WORK INSTRUCTION »
Retype the listing below line for line, but only from the line with "プラチナのブラックダイヤモン" down to the line with "você quiser puxar", inclusive. Pictures stay out.

-- DATA UNDER STUDY follows --

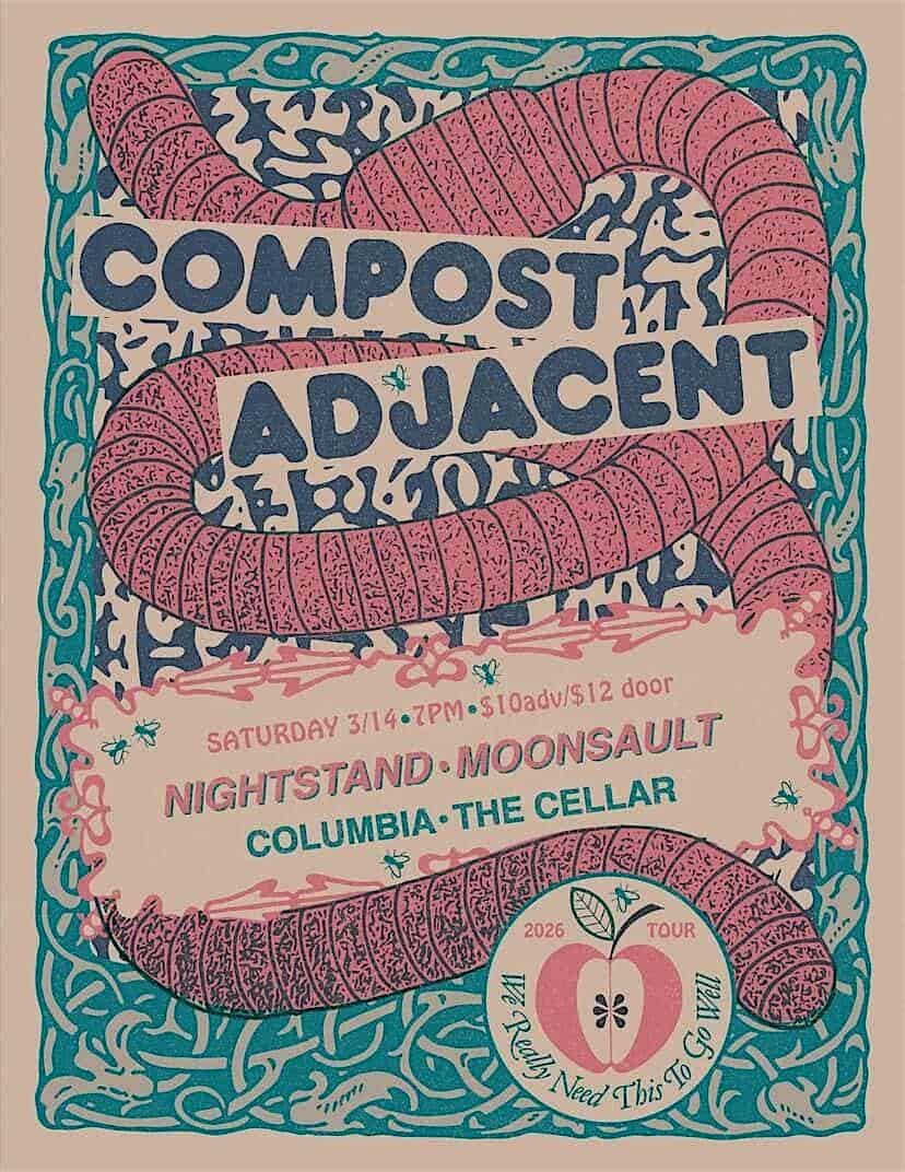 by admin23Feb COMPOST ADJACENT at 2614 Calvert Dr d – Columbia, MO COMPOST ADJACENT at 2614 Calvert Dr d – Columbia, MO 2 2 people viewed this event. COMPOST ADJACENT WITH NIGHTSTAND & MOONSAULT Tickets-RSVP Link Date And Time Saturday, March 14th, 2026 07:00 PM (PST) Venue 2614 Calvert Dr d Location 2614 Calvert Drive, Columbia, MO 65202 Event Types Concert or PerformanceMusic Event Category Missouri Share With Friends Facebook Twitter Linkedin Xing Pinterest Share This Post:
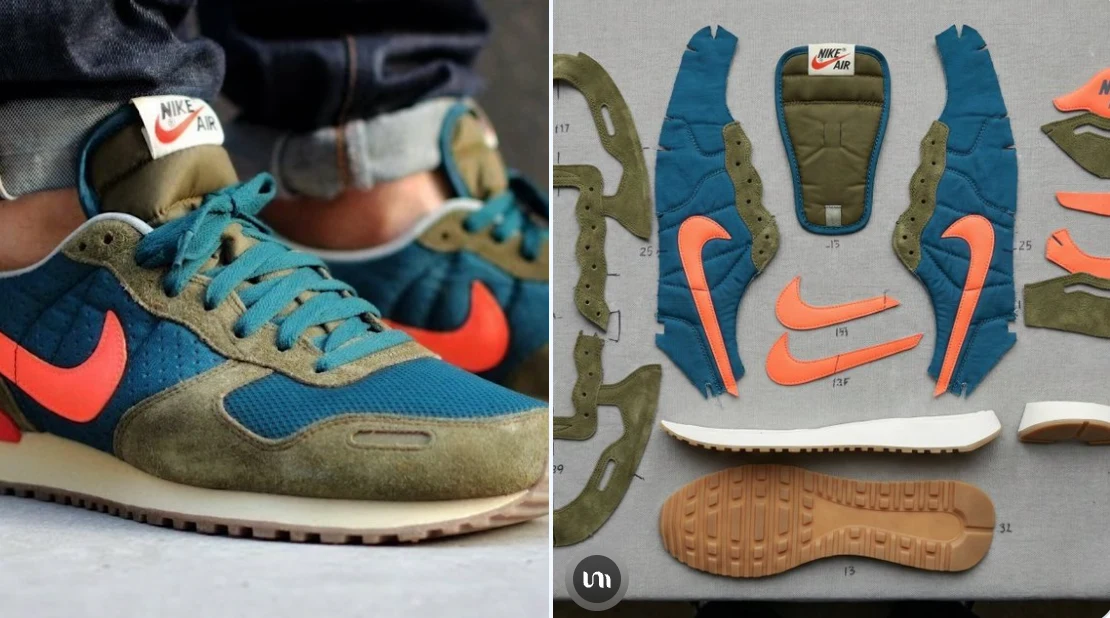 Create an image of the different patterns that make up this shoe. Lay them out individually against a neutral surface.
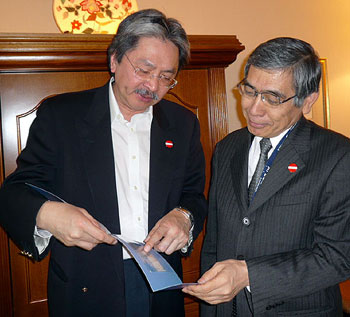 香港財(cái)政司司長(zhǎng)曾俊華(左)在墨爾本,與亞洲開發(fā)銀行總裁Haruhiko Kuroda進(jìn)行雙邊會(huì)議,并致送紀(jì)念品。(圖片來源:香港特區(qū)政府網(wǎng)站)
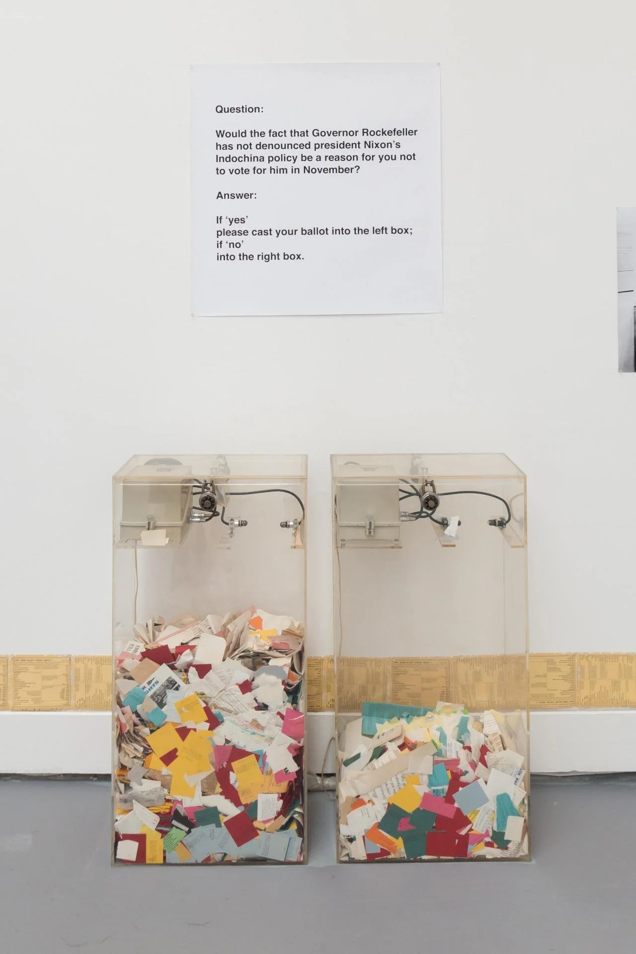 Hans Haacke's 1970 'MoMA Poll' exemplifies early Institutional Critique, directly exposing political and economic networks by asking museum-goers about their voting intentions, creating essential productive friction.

-- DATA UNDER STUDY concluded --
-- DATA UNDER STUDY follows --

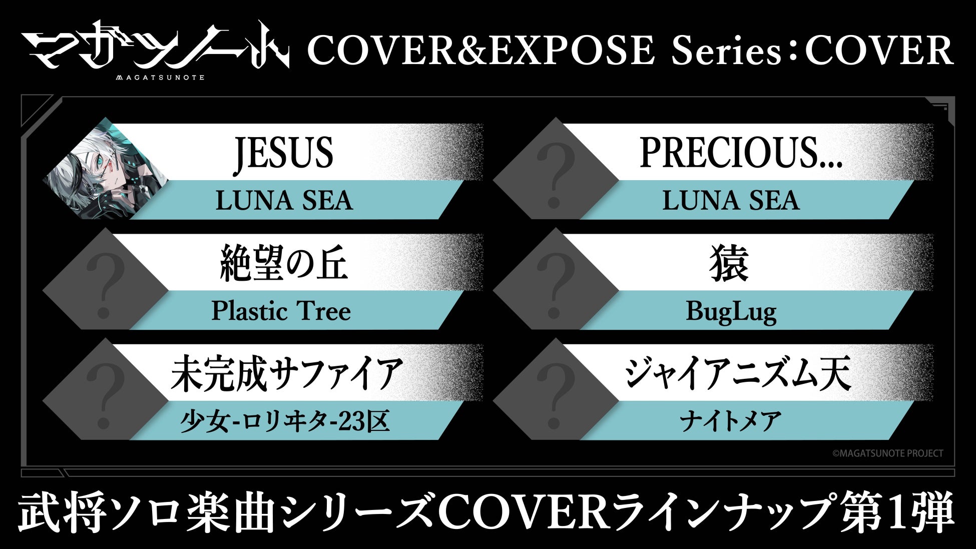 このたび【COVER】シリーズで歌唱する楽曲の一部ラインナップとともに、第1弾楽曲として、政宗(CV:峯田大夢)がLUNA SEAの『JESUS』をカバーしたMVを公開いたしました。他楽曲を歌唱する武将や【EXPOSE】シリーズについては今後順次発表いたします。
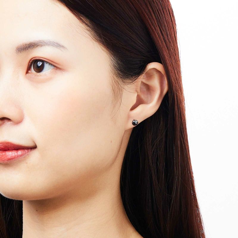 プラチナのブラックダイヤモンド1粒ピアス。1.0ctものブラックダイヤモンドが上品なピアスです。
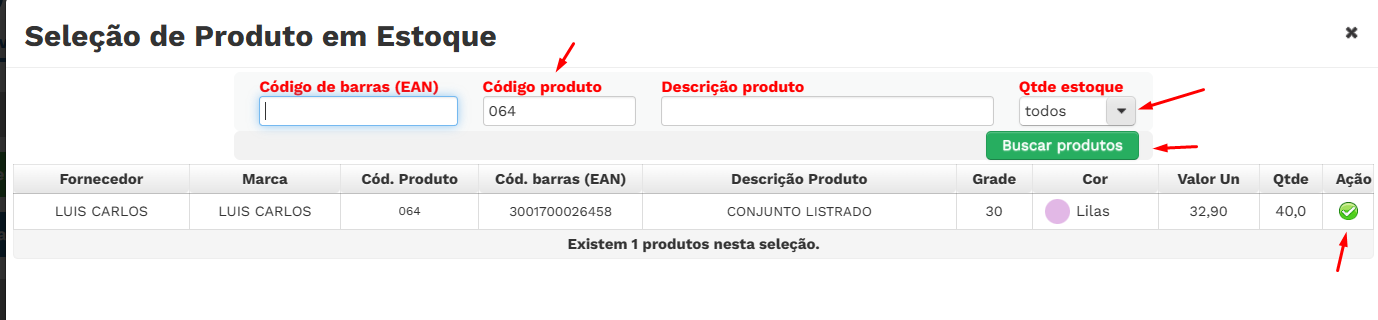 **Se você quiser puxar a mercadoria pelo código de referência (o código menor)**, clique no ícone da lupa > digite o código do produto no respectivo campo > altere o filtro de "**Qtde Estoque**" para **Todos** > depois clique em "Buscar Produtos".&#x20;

-- DATA UNDER STUDY concluded --
-- DATA UNDER STUDY follows --

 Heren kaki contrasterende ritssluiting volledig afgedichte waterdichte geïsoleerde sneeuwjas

-- DATA UNDER STUDY concluded --

RESPONSE BOX »
 プラチナのブラックダイヤモンド1粒ピアス。1.0ctものブラックダイヤモンドが上品なピアスです。
 **Se você quiser puxar a mercadoria pelo código de referência (o código menor)**, clique no ícone da lupa > digite o código do produto no respectivo campo > altere o filtro de "**Qtde Estoque**" para **Todos** > depois clique em "Buscar Produtos".&#x20;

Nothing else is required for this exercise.